The Chūzan Seikan identified the King of Sanhou as Aji (local ruler) of Nakijin, who supposedly subjected to his rule Haneji, Nago, Kunigami, Kin, Ie and Iheya. These place names as a whole roughly correspond to modern-day Kunigami region. The notion of three powers appears to be deeply rooted in Okinawan society. However, it remains a matter of debate whether they corresponded to the later administrative divisions of Shimajiri (south), Nakagami (central), and Kunigami (north). Historian Ikemiya Masaharu pointed to the religiously oriented division of Okinawa, in which three powers were based on Eastern Shimajiri, Western Shimajiri, and Nakagami. Kunigami was divided by the three powers.

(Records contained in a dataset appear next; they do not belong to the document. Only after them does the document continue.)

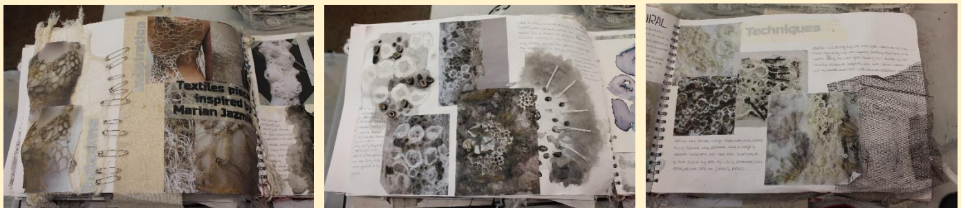
Examples of students artist research pages

Task 2b) Create your own artist's research page(s) on Marian Jazmik on paper or card (no bigger than A3 so that you can put it in your new sketchbook in September) Include a creatively presented title, information about the artist, information on her work, photos of her work and your own sketches and experiments inspired by her work. Look closely at the colours and textures she uses and try to emulate these in your research page.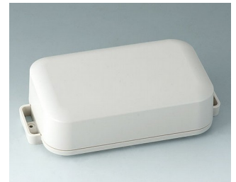
C3208207 EASYTEC 150 ASA+PC (UL 94 V-0) off-white RAL 9002 6.77"x3.66"x1.81" IP 65 opt., IP 40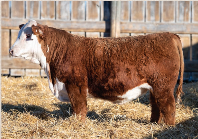
Lot 31 • ECR 11E BOBBY SUE 1217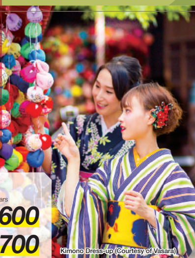
Kimono Dress-up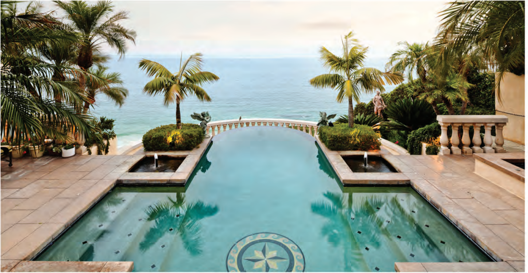
32101 COAST HIGHWAY | NEW LISTING Laguna Beach | $9,500,000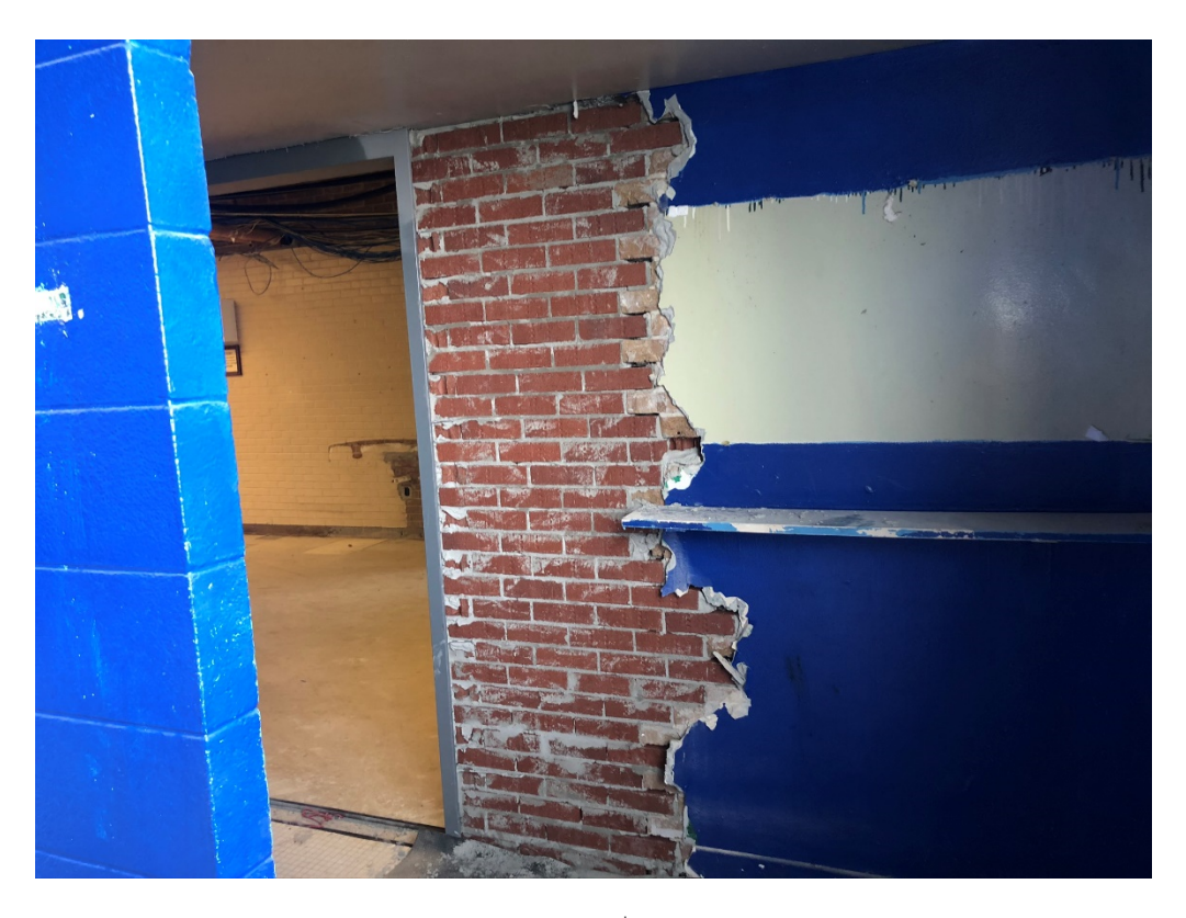
Figure 2 – Masonry Patch at Bathroom Interior 3<sup>rd</sup> Floor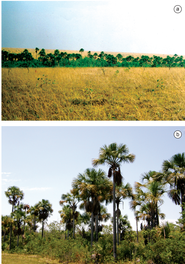
Figure 2. Veredas at a) Parque Nacional das Emas; and b) Estação Ecológica de Uruçuí-Una, in the Brazilian states of Goiás and Piauí, respectively. Their linear format, buriti palms ( Mauritia flexuosa ) as emergent trees, numerous trees and shrubs and a dense herbaceous layer can be noted.

Figura 2. Veredas situadas a) no Parque Nacional das Emas; e b) na Estação Ecológica de Uruçuí-Una, nos estados brasileiros de Goiás e Piauí, respectivamente. Seu formato linear, palmeiras buritis ( Mauritia flexuosa ) como árvores emergentes, numerosas árvores e arbustos, e um denso estrato herbáceo podem ser notados.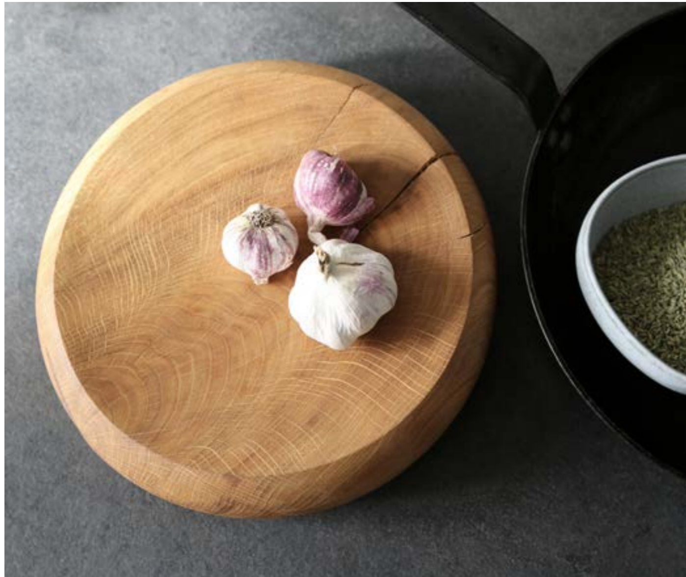
OAK PIECE no. 32 Nature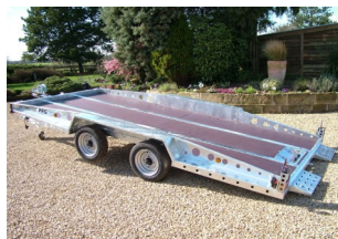
Fixed and hydraulic tilt bed options available on all models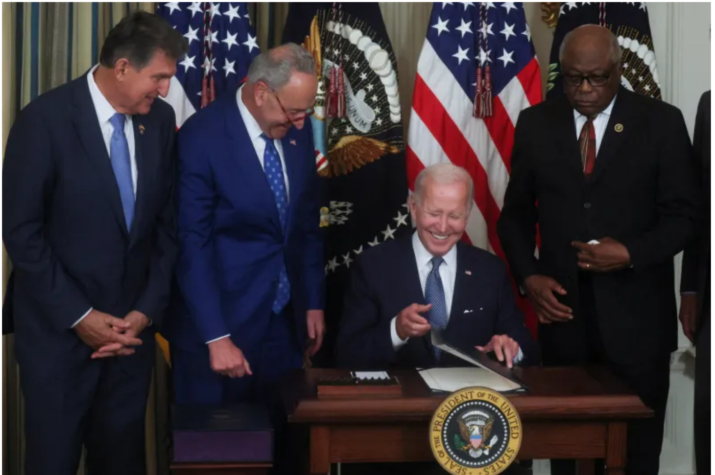
U.S. President Joe Biden signs the Inflation Reduction Act into law, Washington, D.C., August 2022

By John M. Deutch and Ernest J. Moniz September 7, 2022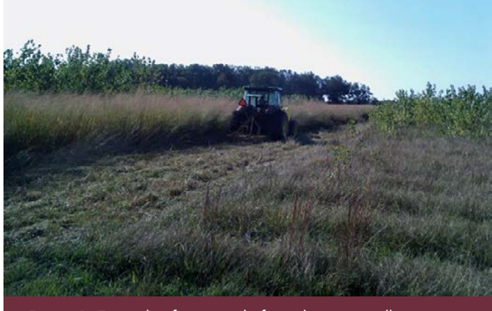
Figure 1. Example of mowing before planting seedlings.

In forested soils, organic matter accumulates as the litter layer on top of mineral soil in the form of fallen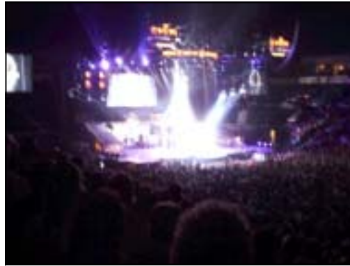
The Stage as seen from our seats!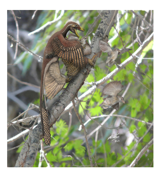
Fig. 3. Reconstruction of the life habits of M. gui.

Unlike other birds known from the Jehol, all known enantiornithines possess pedal morphologies suggesting they were adapted for arboreal environments rather than for foraging on the ground or in aquatic environments (31, 32). This understanding is supported by pedal proportions, which have been shown in modern birds to be indicative of ecology (33 34), as well as in the morphology of the foot, which is better adapted for perching than walking, with large recurved claws and a hallux that is positioned low on the tarsometatarsus. Although digit III cannot be measured in this specimen (nor can digit IV completely), the penultimate phalanx in digits II and IV are longer than the proximal phalanges, consistent with arboreal habitats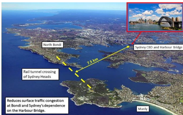
A rail tunnel across Sydney Heads

A rail tunnel under Sydney Heads would connect the Sydney CBD through to Gosford via a 60km long tunnel extending from Bondi Junction Station on the Eastern Suburbs/Illawarra Line. Brookvale would become a new satellite CBD, only 20 minutes train travel time from the Sydney CBD. Ultimately the project could morph into a faster rail link between Newcastle, the Sydney CBD and Canberra. Another option would be to connect the proposed Sydney Metro West to the Eastern Suburbs railway line via the existing Martin Place Station. The Town Hall Station lower platforms of the Illawarra Line would then be connected directly to St James Station's new lower platforms via new tunnels. New tunnels, south of St James Station, could then be taken to Malabar for example. The project would also reduce urban traffic congestion and more broadly, improve road safety, by reducing the number of cars on our roads.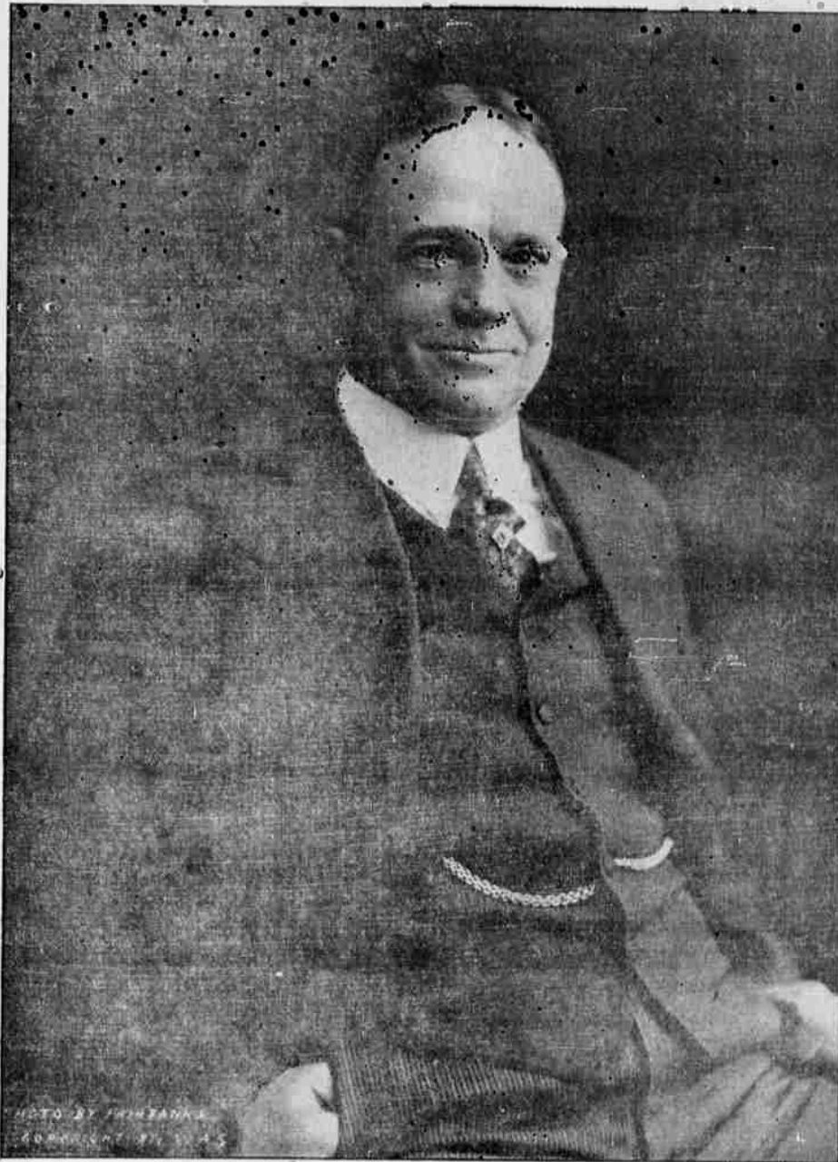
W. A. (Billy) Sunday, famous evangelist and ex-baseball player, who is banner morning attraction at the La Grande Fourth of July Celebration, and who has expressed his warm friendship for the La Grande Chautauqua, both by voice and check.

TRANSMISSION IS REWARDED What does your business need of transmission to the Park? With the transmission you get the best of both worlds. The car has no more vibration, and the motor averages 1,000 strokes a minute, while the old foot-driven machine accomplishes only 300 or 400 strokes a minute at most.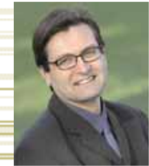
Greg Combet, ACTU Secretary

In Members Equity, we have a financial institution that we are proud to promote as our own, one that builds on the success of the industry super funds and that is committed to providing union members with practical, low cost banking services. Members Equity balances the interests of customers with its shareholders because it is founded on servicing the needs of workers and ordinary Australians.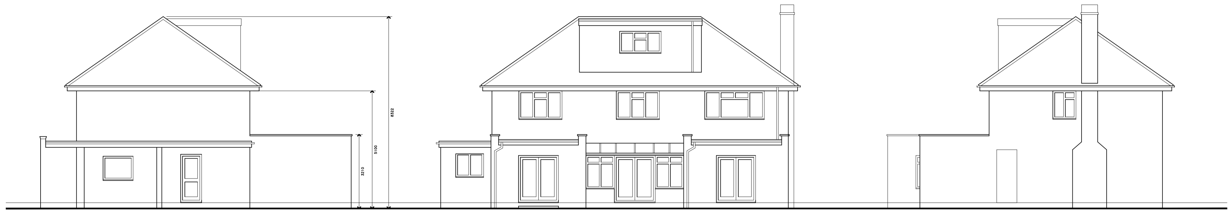
EXISTING SIDE - W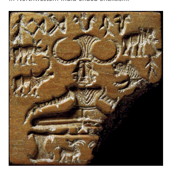
Fig. 1: This seal from the Indus valley shows yoga poses (seated poses), here the "Muhlabandhasana".

During the early Indus culture, people revered the female energy (Shakti force) as the Mother of all Life, placed the feminine principle above the male. The invasion of Indo-Aryans beginning around 1500 BCE, in Northwestern India ended Shaktism.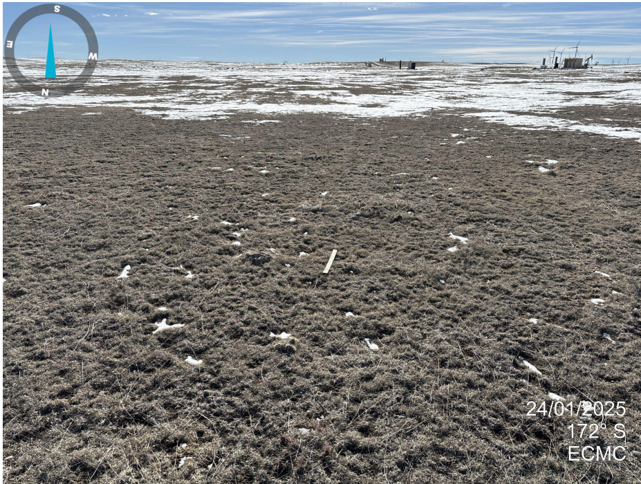
Photo 3. Looking south from well location. See Photo 1 comments.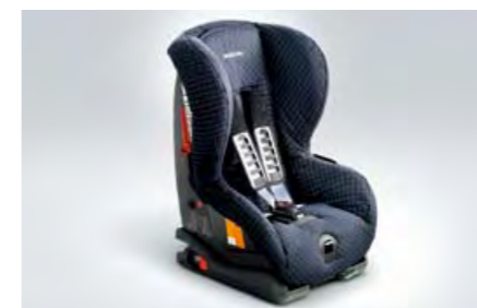
72 Child seat SUBARU Duo plus F410EYA002 Secure installation by ISOFIX. *Complies with Euro NCAP.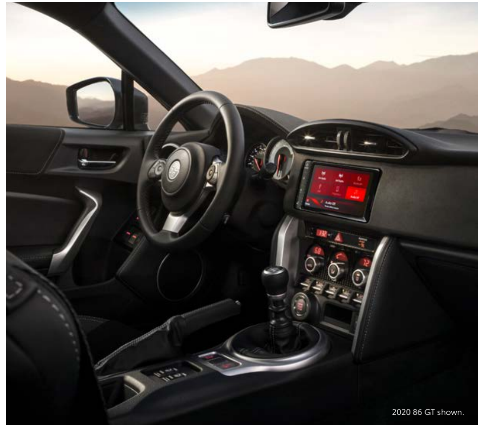
2020 86 GT shown.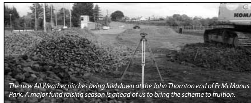
The new All Weather pitches being laid down at the John Thornton end of Fr McManus Park. A major fund raising season is ahead of us to bring the scheme to fruition.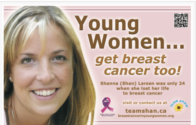
BCYWF-Team Shared Outreach Message.

Every contribution – big or small – helps the BCYW Foundation fulfil its mission to save the lives of young women from breast cancer in the years to come. Thank you for your generosity.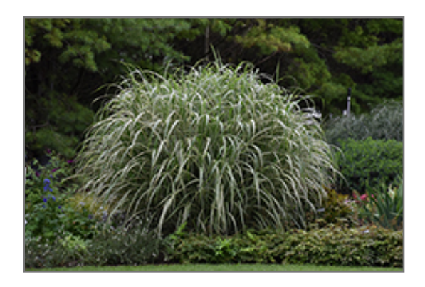
Cosmopolitan Maiden Grass

Cosmopolitan Maiden Grass is recommended for the following landscape applications;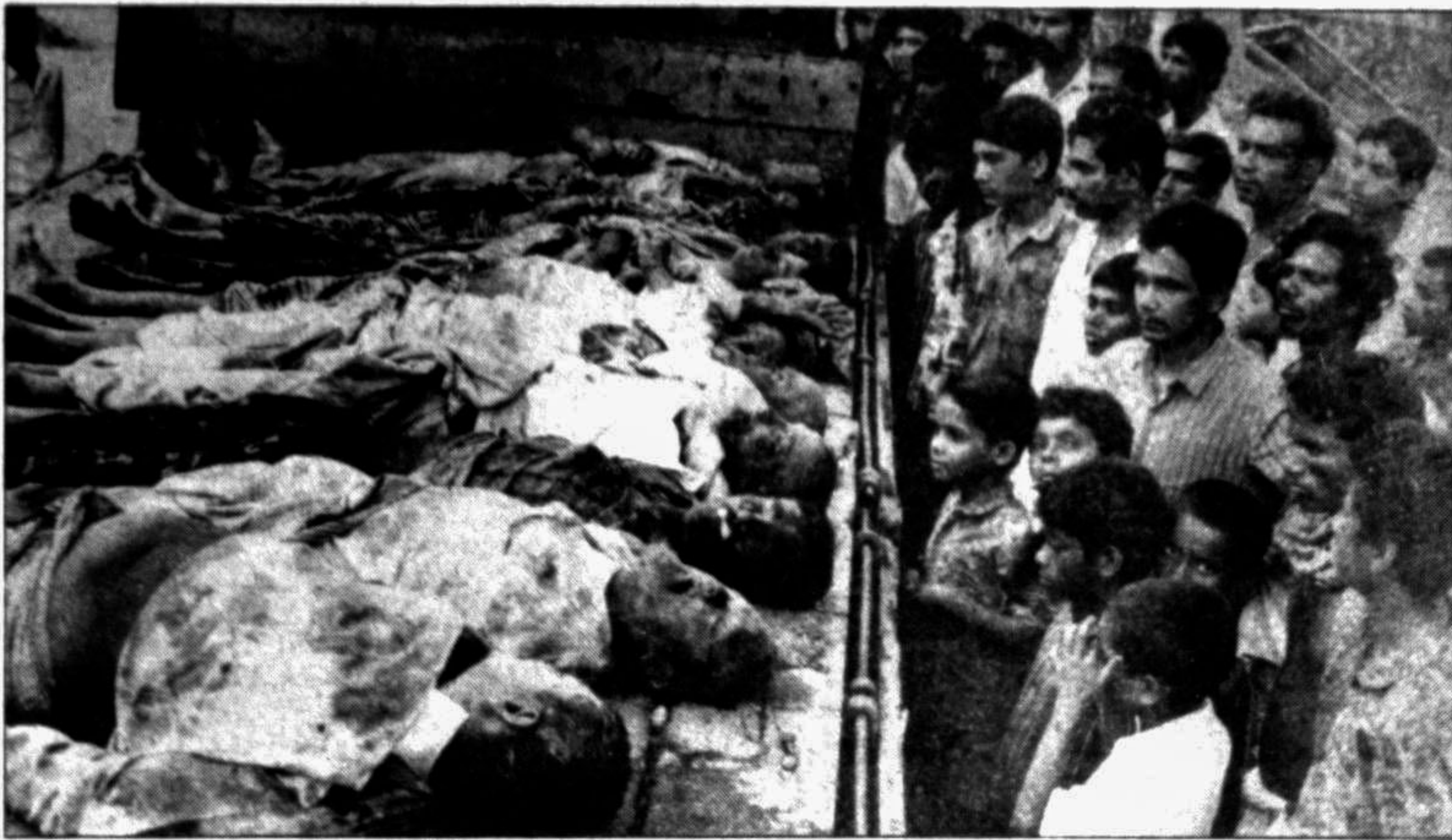
TRUCKLOAD OF BODIES: Some of the dead in Monday's bus accident on Dhaka-Aricha highway being removed from the spot.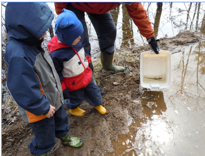
Figure 4. Spring time in the Annapolis valley, Nova Scotia. Children explore a wetland where spotted salamanders, Ambystoma maculatum , lay their eggs every year.

Salamanders have an important role in environmental conservation and natural history education. The past year, 2014, was designated as The Year of the Salamander by two of the most influential amphibian conservation groups in North America: the Amphibian and Reptile Conservation ( PARC ) and the Amphibian Survival Alliance (ASA, www.amphibians.org ). The partnership between PARC and ASA resulted in a combined effort to offer materials online for educators and naturalists to raise awareness regarding the importance of salamanders in the natural world. Given their benign nature, small size and bright coloration, salamanders are ideal subjects to introduce children to the natural world and promote the importance of conservation.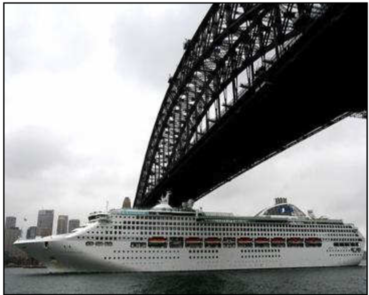
The Sun Princess sailing under Sydney Harbour Bridge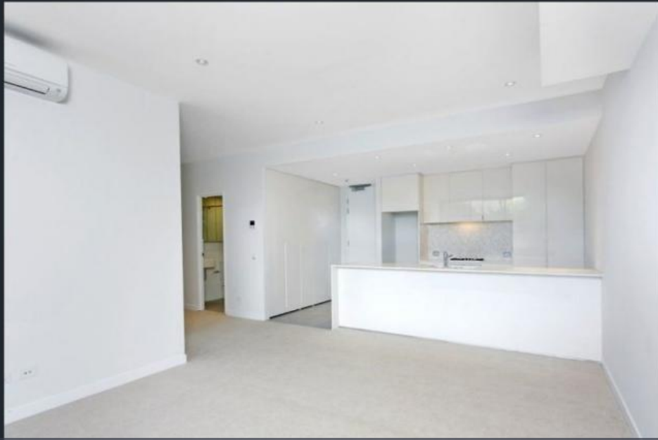
Unit 3, 30 Harvey St, Little Bay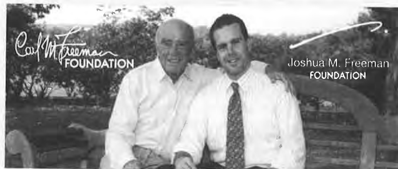
CARL M. FREEMAN FOUNDATION GIVING GRANTS AND GUIDANCE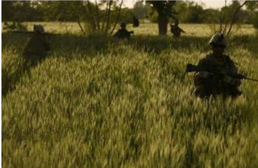
U.S. Marines 6th Marines patrol around Karez-e-Sayyidi, in Helmand province, April 4, 2010.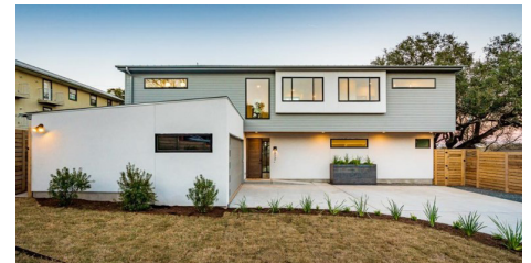
6) 512 S PARK DR, AUSTIN, TX 78704 by Newcastle Homes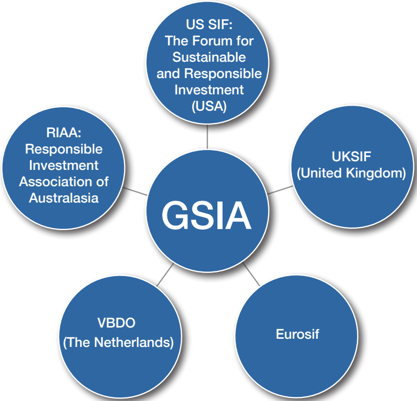
Figure 4.2: Other Membership-based Sustainable Investment Organizations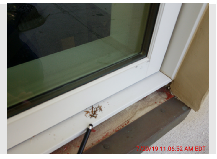
Description Window "RR" fixed (Open to study), Close up photo.

The Chūzan Seikan did not mention how many rulers had assumed the title of Aji of Nakijin, or King of Sanhoku. The sole reference to personal names was of Hanishi, King of Sanhoku, who the Chūzan Seikan stated had sent a tributary mission along with the Kings of Chūzan and Sannan in 1372. Although this statement contradicts contemporary Chinese sources, it was apparently based on Haneji Chōshū's limited access to diplomatic records.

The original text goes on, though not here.